One of the hallmarks of Comme des Garçons is its approach to deconstruction. Rei Kawakubo has often taken a stance against traditional forms of fashion, choosing instead to dismantle the very structures that define clothing. Deconstruction in fashion means taking apart conventional garment patterns and reshaping them into something entirely new, often with exposed seams, unfinished edges, or pieces that seem intentionally incomplete. This technique became a signature of CdG , starting in the 1980s, when Kawakubo began experimenting with torn fabrics, uneven hems, and garments that appeared to be falling apart.
Through deconstruction, Kawakubo creates a sense of rawness and imperfection that challenges the notion of polished, flawless beauty. This rejection of traditional aesthetics is what sets Comme des Garçons apart from more commercial brands. Instead of adhering to the norm, the brand actively disrupts it, forcing the fashion world to reconsider the value of imperfection and the meaning of beauty.
Asymmetry and Unconventional Silhouettes
Another defining feature of Comme des Garçons’ avant-garde style is its embrace of asymmetry and unconventional silhouettes. Many of the brand’s pieces are intentionally lopsided, with garments featuring one sleeve longer than the other, uneven hemlines, or irregular shapes. This asymmetry is a direct rejection of the symmetrical, body-conforming garments that have dominated much of fashion history. In doing so, Kawakubo encourages wearers to rethink their understanding of proportion and balance in clothing.
Comme des Garçons often plays with exaggerated proportions, creating oversized or distorted shapes that seem to defy the body’s natural form. For example, many collections have featured garments that add bulk around unexpected areas, such as the shoulders, hips, or chest, resulting in shapes that are both unfamiliar and thought-provoking. These exaggerated forms serve as a commentary on the limitations of traditional fashion and the way it attempts to shape the human body into predetermined ideals of beauty and proportion.
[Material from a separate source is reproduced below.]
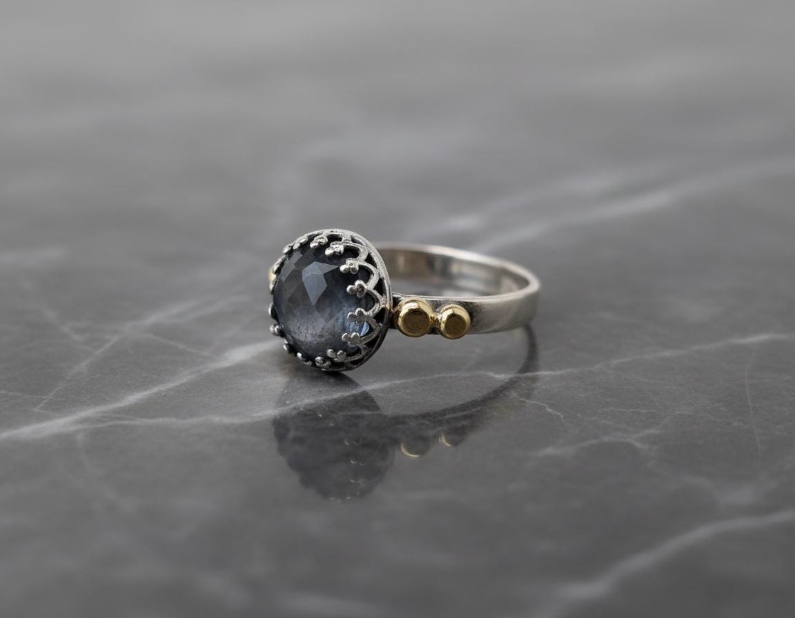 A beautiful everyday silver ring with a labradorite gemstones and recycled 10k ball elements. Please select size from drop down menu.

Black as a Symbol of Rebellion
While Comme des Garçons is known for experimenting with different materials, shapes, and techniques, one recurring theme is the use of black. Throughout its history, black has been a dominant color in the brand’s collections, often symbolizing rebellion, nonconformity, and mystery. In the 1980s, when the fashion world was largely dominated by bright, bold colors, Kawakubo’s insistence on black set her apart. Her collections from that era were often described as “anti-fashion” due to their stark contrast to the trends of the time.
For Kawakubo, black represents more than just an aesthetic choice. It reflects her desire to strip away superficiality and focus on the essence of the garment itself. The use of black also serves as a blank canvas for the exploration of form and texture, allowing the construction and materiality of the garment to take center stage without the distraction of color.
Gender Fluidity and Androgyny
Comme des Garçons is also celebrated for its approach to gender fluidity and androgyny in fashion. Long before the concept of gender-neutral clothing became a trend, CdG was blurring the lines between traditional men’s and women’s wear. Kawakubo’s designs often reject the binary distinctions between masculine and feminine clothing, instead offering garments that can be worn by anyone, regardless of gender.
This androgynous approach is particularly evident in the brand’s menswear and womenswear collections, where similar silhouettes, materials, and styles are used for both genders. By doing so, Kawakubo challenges the societal norms that dictate how men and women should dress, Comme des Garcons hoodie promoting the idea that fashion should be about personal expression rather than adhering to traditional gender roles.
Art and Fashion Intersect
Comme des Garçons occupies a unique space where fashion and art intersect. Rei Kawakubo has always viewed her work as more than just clothing design—she sees it as a form of expression that transcends the commercial aspect of fashion. Many of her collections have been likened to performance art or sculpture, with garments that push the boundaries of what is wearable or functional.